Abstract: Objective: To examine the clinical and pathological factors associated with survival in autopsy-confirmed frontotemporal lobar degeneration (FTLD). Methods: The final analysis cohort included 71 patients with pathologically proven FTLD, excluding patients with clinical motor neuron disease (MND), evaluated at the University of Pennsylvania or at the University of California, San Francisco. We assessed clinical and demographic features; cognitive functioning at presentation; genetic markers of disease; and graded anatomical distribution of tau, ubiquitin and amyloid pathology. Results: The tau-negative group (n = 35) had a median survival time of 96 months (95% CI: 72–114 months), whereas the tau-positive group (n = 36) had a median survival time of 72 months (95% CI: 60–84 months).
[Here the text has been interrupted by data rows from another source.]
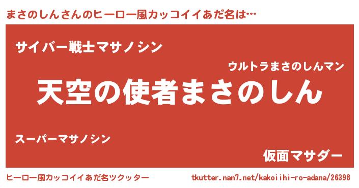 | 男性向けラノベタイトル風あだ名 | 『ノーゲーム・ノーマサノシン』 |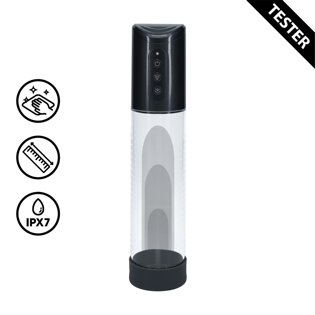 De HyperPump-pomp biedt je volop mogelijkheden voor penissvergroting. De inlegslang is gemaakt van gladde silicone, wat zorgt voor een comfortabele ervaring. Verbaas jezelf elke keer weer over hoe groot je kunt worden! Met de druk op een knop creëert de extreem krachtige pomp een supersterk vacuüm, waardoor je snel en krachtige erecties krijgt. De zachte silicone opening vormt een strakke maar comfortabele afsluiting, zodat je zonder zorgen van de voordelen kunt genieten rondom water.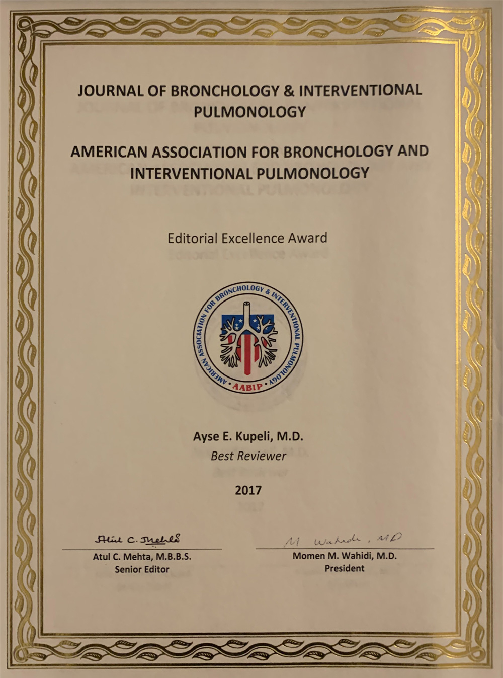 American Association of Bronchology and Interventional Pulmonology,Journal of Bronchology and Interventional Pulmonology. “EDİTORİAL EXCELLENCE AWARD”. Kanada,Toronto,28/10/2017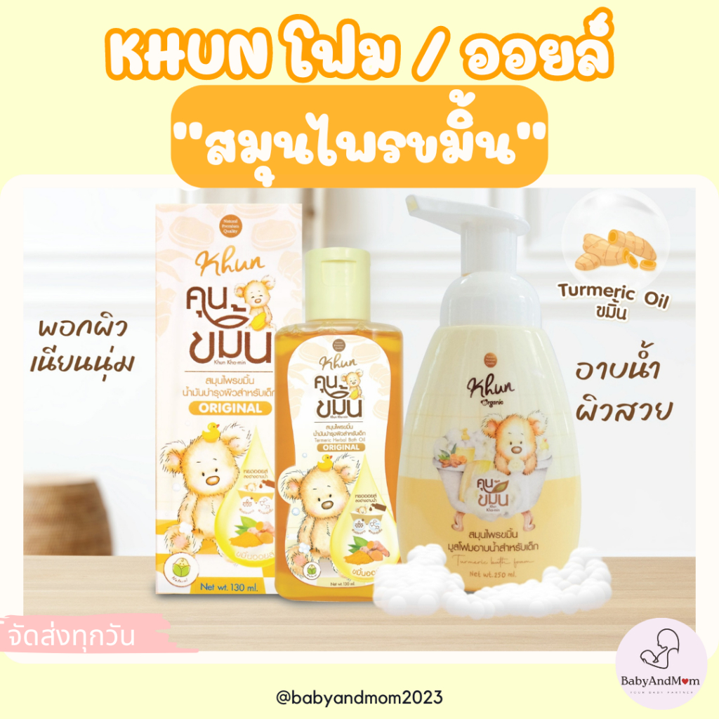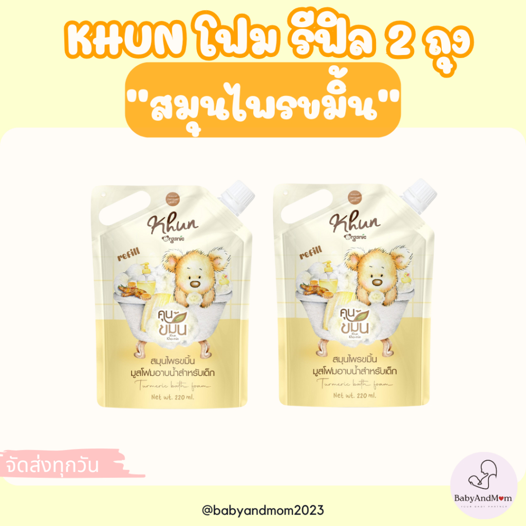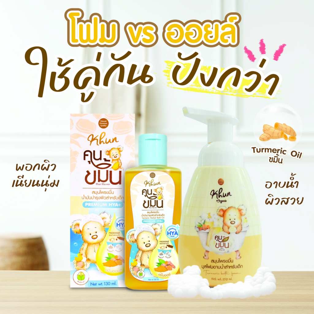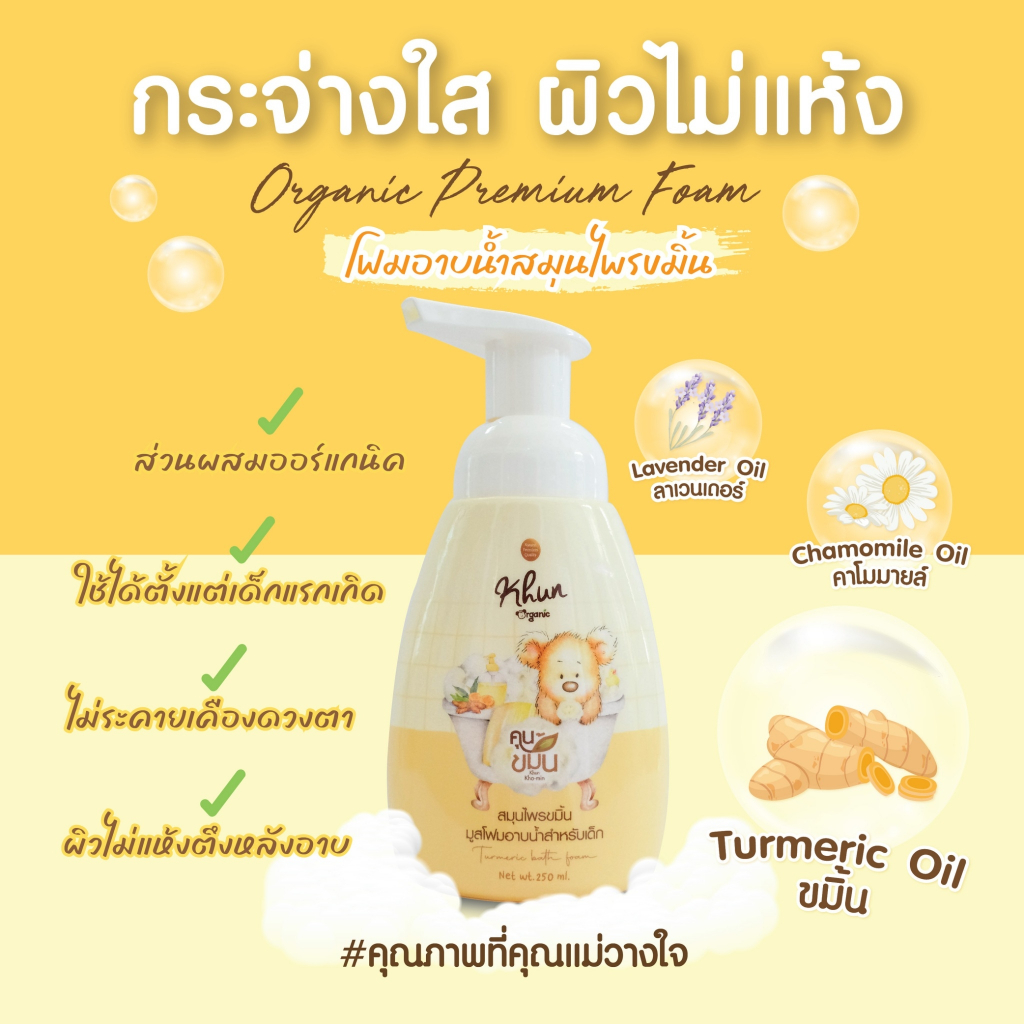 ล็อตใหม่! Khun ขมิ้นโฟมอาบน้ำเด็ก สมุนไพรอาบน้ำเด็ก ออร์แกนิค ใช้ง่าย บำรุงผิวชุ่มชื้น ขาวสว่างใส ใช้ได้ตั้งแต่แรกเกิด

Patients with tau-positive pathology across all brain regions had shorter survival than those with tau-negative pathology in univariate Cox regression analyses (Hazard ratio of dying = 2.003, 95% CI = 1.209–3.318, p = 0.007). Conclusions: Tau-positive pathology represents a significant risk to survival in FTLD, whereas tau-negative pathology is associated with a longer survival time when clinical MND is excluded.